The qualtile-quantile (Q-Q) plot provides a handy visual means to inspect the similarity of distributions of a data set. The idea is to plot the quantiles of the sample on the vertical axis and the quantiles of the thoretical distribution on the horizontal axis. If the points of the plot fall on an approximately straight line, you can conclude that the sample distribution is close to the thoretical.

In [None]:
from scipy import stats

plt.subplots(figsize=(15, 12))
ax1 = plt.subplot(221) 
stats.probplot(resids, plot=ax1)
ax1.set_title('Probability Plot', fontsize=16)
ax1 = plt.subplot(222) 
sns.distplot(resids, ax=ax1)
ax1.set_title('Distribution of Residuals', fontsize=16)
plt.show()

Next we apply a formal method. The Anderson-Darling test for normal distribution unknown mean and variance.

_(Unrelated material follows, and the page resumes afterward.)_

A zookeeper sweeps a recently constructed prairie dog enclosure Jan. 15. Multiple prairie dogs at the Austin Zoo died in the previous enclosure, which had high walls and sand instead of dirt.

Passing the normality test only allows you to state no significant departure from normality was found.

In [None]:
from statsmodels.stats.diagnostic import normal_ad

p_value = normal_ad(resids)[1]

print('p-value from the test - below 0.05 generally means non-normal:', p_value)

*No Multicollinearity Among Predictors*

Since we only have one predictor this requirement is not a concern for this model.

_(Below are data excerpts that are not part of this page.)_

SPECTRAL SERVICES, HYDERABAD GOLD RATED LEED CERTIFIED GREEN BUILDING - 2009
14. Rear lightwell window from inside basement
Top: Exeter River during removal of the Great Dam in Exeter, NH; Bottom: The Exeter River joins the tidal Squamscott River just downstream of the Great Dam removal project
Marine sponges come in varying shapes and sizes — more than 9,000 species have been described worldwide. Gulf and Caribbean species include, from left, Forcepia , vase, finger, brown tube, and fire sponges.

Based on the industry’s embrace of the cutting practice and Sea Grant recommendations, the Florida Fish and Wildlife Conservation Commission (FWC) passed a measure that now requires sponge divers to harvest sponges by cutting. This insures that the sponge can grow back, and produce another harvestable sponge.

*No Autocorrelation of the Error Terms*

In [None]:
from statsmodels.stats.stattools import durbin_watson

print('\nPerforming Durbin-Watson Test')
print('Values of 1.5 < d < 2.5 generally show that there is no autocorrelation in the data')
print('0 to 2< is positive autocorrelation')
print('>2 to 4 is negative autocorrelation')
print('-------------------------------------')

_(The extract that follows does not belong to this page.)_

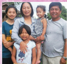
Moses family Helping Refugees
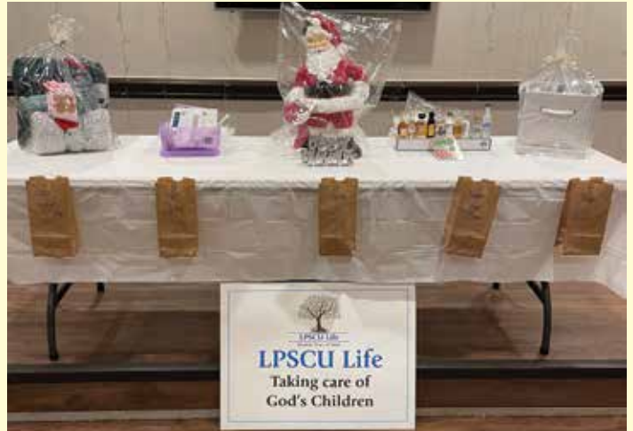
Beautiful prizes wait to be won.

durbinWatson = durbin_watson(resids)
print('Durbin-Watson:', durbinWatson)
if durbinWatson < 1.5:
    print('Signs of positive autocorrelation', '\n')
    print('Assumption not satisfied')
elif durbinWatson > 2.5:
    print('Signs of negative autocorrelation', '\n')
    print('Assumption not satisfied')
else:
    print('Little to no autocorrelation', '\n')
    print('Assumption satisfied')

*Homoscedasticity*

This assumes homoscedasticity, which is the same variance within our error terms. Heteroscedasticity, the violation of homoscedasticity, occurs when we don’t have an even variance across the error terms.

In [None]:
sns.residplot(x=np.log(X_test['Width']), y=y_test_log, lowess=True, color="b");

The plot clearly shows there's not a uniform variance, but it is better than many of the other models that were list above.

**Using Scikit-Learn (using LinearRegression)**

Below we try out the Scikit-Learn implementation in order to compare.

In [None]:
from sklearn.preprocessing import FunctionTransformer
from sklearn.linear_model import LinearRegression
from sklearn.compose import TransformedTargetRegressor

from sklearn2pmml import sklearn2pmml
from sklearn_pandas import DataFrameMapper
from sklearn2pmml.pipeline import PMMLPipeline
from sklearn2pmml.decoration import ContinuousDomain
from sklearn2pmml.preprocessing import ExpressionTransformer

X = fishes.filter(items=['Width'])
y = np.log(fishes['Weight'])
X_train, X_test, y_train, y_test = train_test_split(X, y, test_size=0.2, random_state=1)


mapper = DataFrameMapper([
    (["Width"], [ContinuousDomain(), ExpressionTransformer("numpy.log(X[0])", dtype = np.float64)])
    #(["Width"], [ContinuousDomain(), FunctionTransformer(np.log)])
    #("Width", FunctionTransformer(np.log))    
])
mapper.fit_transform(X)

model_pipeline = PMMLPipeline([
    ("mapper", mapper),
    #("model", TransformedTargetRegressor(regressor=LinearRegression(), func=np.log, inverse_func=np.exp))
    ("model", LinearRegression())
])


clf = model_pipeline.fit(X_train, y_train);
sklearn2pmml(clf, 'fish-weight-model.pmml', with_repr=True, debug=True)

*Test Set Performance*

In [None]:
# Make predictions using the testing set
y_pred = clf.predict(X_test)

In [None]:
print('Coefficient of determination: %.3f' % r2_score(y_test, y_pred))

In [None]:
print('Mean squared error: %.2f' % mean_squared_error(y_test, y_pred))

# Conclusion

Linear regression performed with an r2 score of `0.965` on the test set while fairly well satisfying the assumptions of an OLS estimator.